Starting at the line below that contains "- Si tienes" and ending at the line that contains "Regular price $195.00", retype each line exactly as it stands, but omit the pictures.

§ **Extracted entries**:
----------

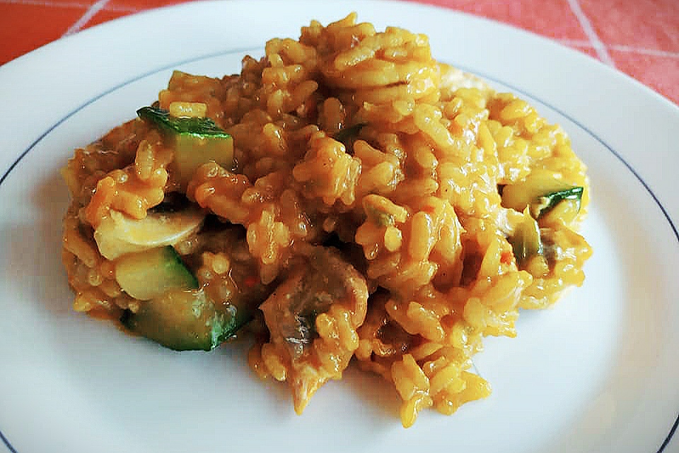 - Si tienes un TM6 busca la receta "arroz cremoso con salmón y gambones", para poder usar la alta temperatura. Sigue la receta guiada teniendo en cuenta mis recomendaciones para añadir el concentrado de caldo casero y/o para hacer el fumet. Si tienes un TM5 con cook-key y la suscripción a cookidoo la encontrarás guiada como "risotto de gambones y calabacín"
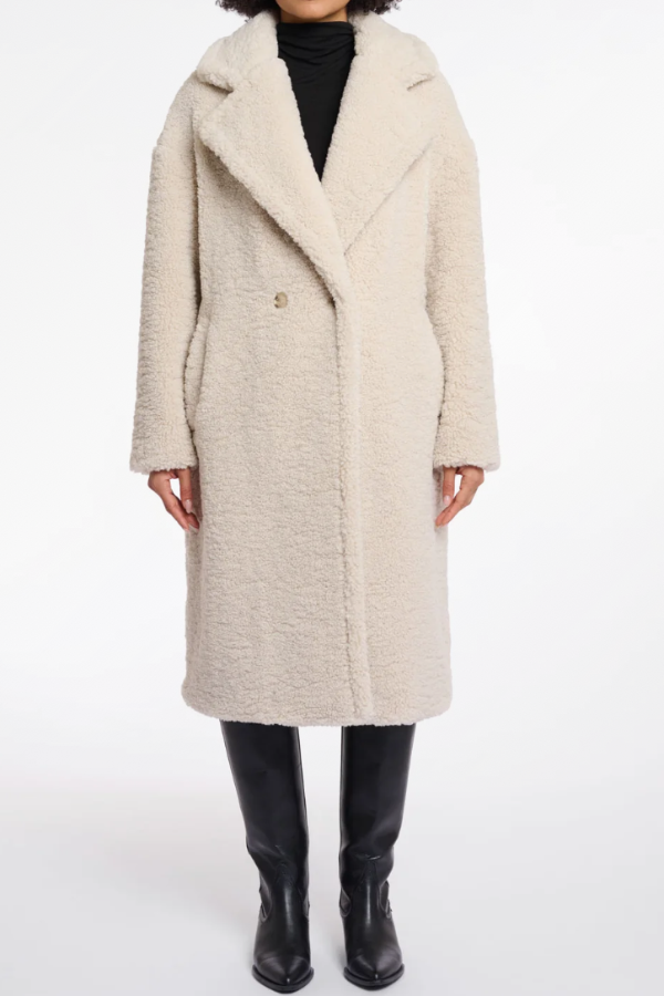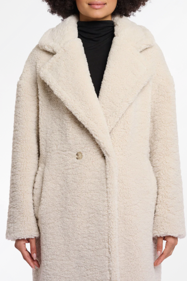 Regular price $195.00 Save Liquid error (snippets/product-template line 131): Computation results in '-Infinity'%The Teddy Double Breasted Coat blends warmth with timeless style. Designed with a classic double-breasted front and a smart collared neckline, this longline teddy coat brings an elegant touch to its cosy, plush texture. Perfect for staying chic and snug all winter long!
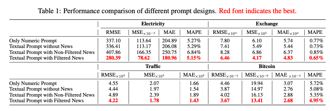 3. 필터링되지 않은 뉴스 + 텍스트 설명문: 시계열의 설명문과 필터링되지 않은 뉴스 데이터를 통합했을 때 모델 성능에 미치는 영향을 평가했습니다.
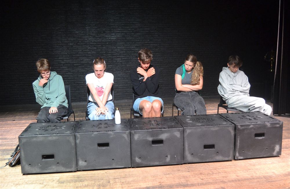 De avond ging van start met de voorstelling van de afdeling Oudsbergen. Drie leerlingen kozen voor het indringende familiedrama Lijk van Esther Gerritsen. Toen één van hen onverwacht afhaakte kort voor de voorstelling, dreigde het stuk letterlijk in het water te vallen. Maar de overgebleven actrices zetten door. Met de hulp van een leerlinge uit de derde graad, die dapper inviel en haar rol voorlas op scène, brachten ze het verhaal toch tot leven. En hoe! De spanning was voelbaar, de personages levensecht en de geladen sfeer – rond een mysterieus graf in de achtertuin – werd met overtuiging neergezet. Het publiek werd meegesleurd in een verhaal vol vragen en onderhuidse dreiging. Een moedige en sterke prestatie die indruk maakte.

----------

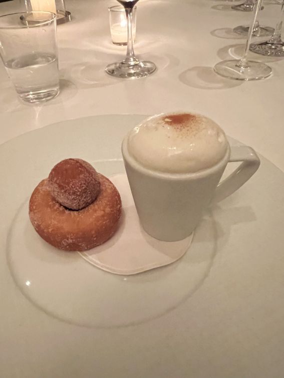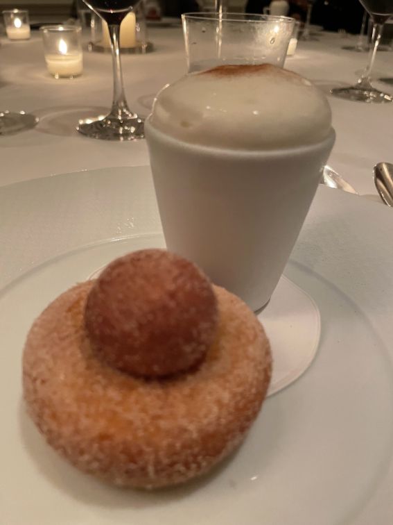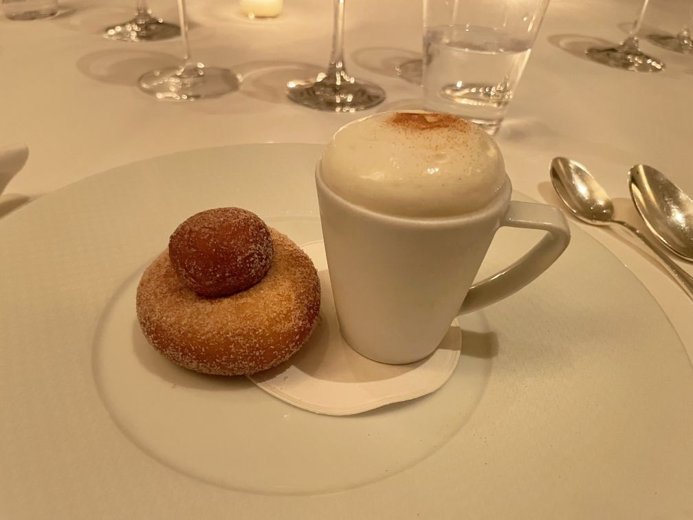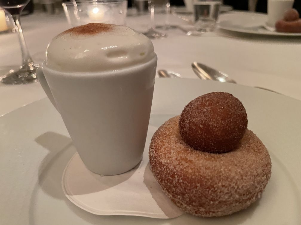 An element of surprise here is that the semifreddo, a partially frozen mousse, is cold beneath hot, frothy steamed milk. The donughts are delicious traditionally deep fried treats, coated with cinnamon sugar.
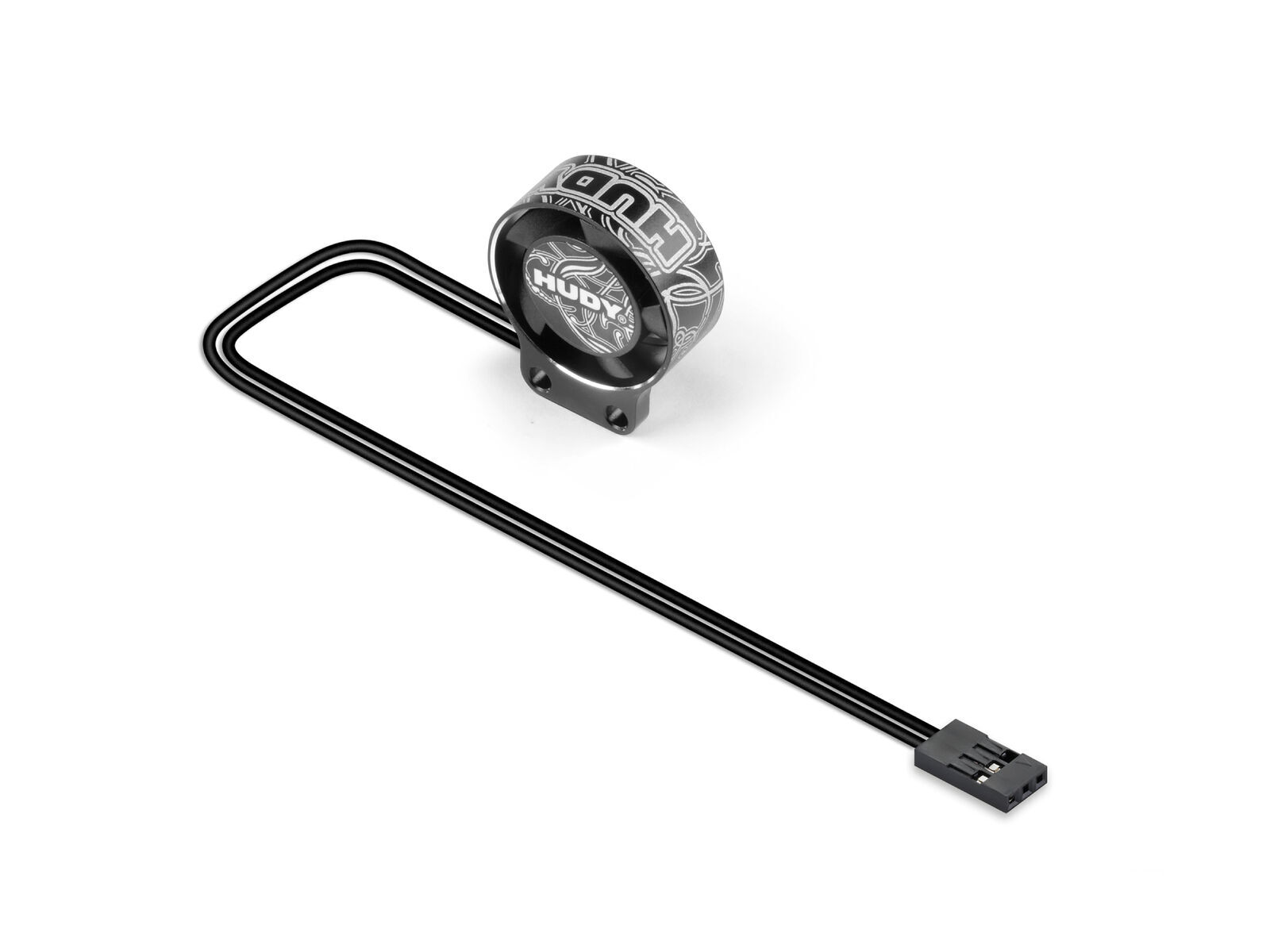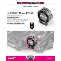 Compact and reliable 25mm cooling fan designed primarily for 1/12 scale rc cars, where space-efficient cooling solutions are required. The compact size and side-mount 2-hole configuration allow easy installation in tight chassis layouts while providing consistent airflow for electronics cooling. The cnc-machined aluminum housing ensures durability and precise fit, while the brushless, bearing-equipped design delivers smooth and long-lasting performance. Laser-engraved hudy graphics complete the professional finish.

----------

§ **Task answer**:
 - Si tienes un TM6 busca la receta "arroz cremoso con salmón y gambones", para poder usar la alta temperatura. Sigue la receta guiada teniendo en cuenta mis recomendaciones para añadir el concentrado de caldo casero y/o para hacer el fumet. Si tienes un TM5 con cook-key y la suscripción a cookidoo la encontrarás guiada como "risotto de gambones y calabacín"
 Regular price $195.00 Save Liquid error (snippets/product-template line 131): Computation results in '-Infinity'%The Teddy Double Breasted Coat blends warmth with timeless style. Designed with a classic double-breasted front and a smart collared neckline, this longline teddy coat brings an elegant touch to its cosy, plush texture. Perfect for staying chic and snug all winter long!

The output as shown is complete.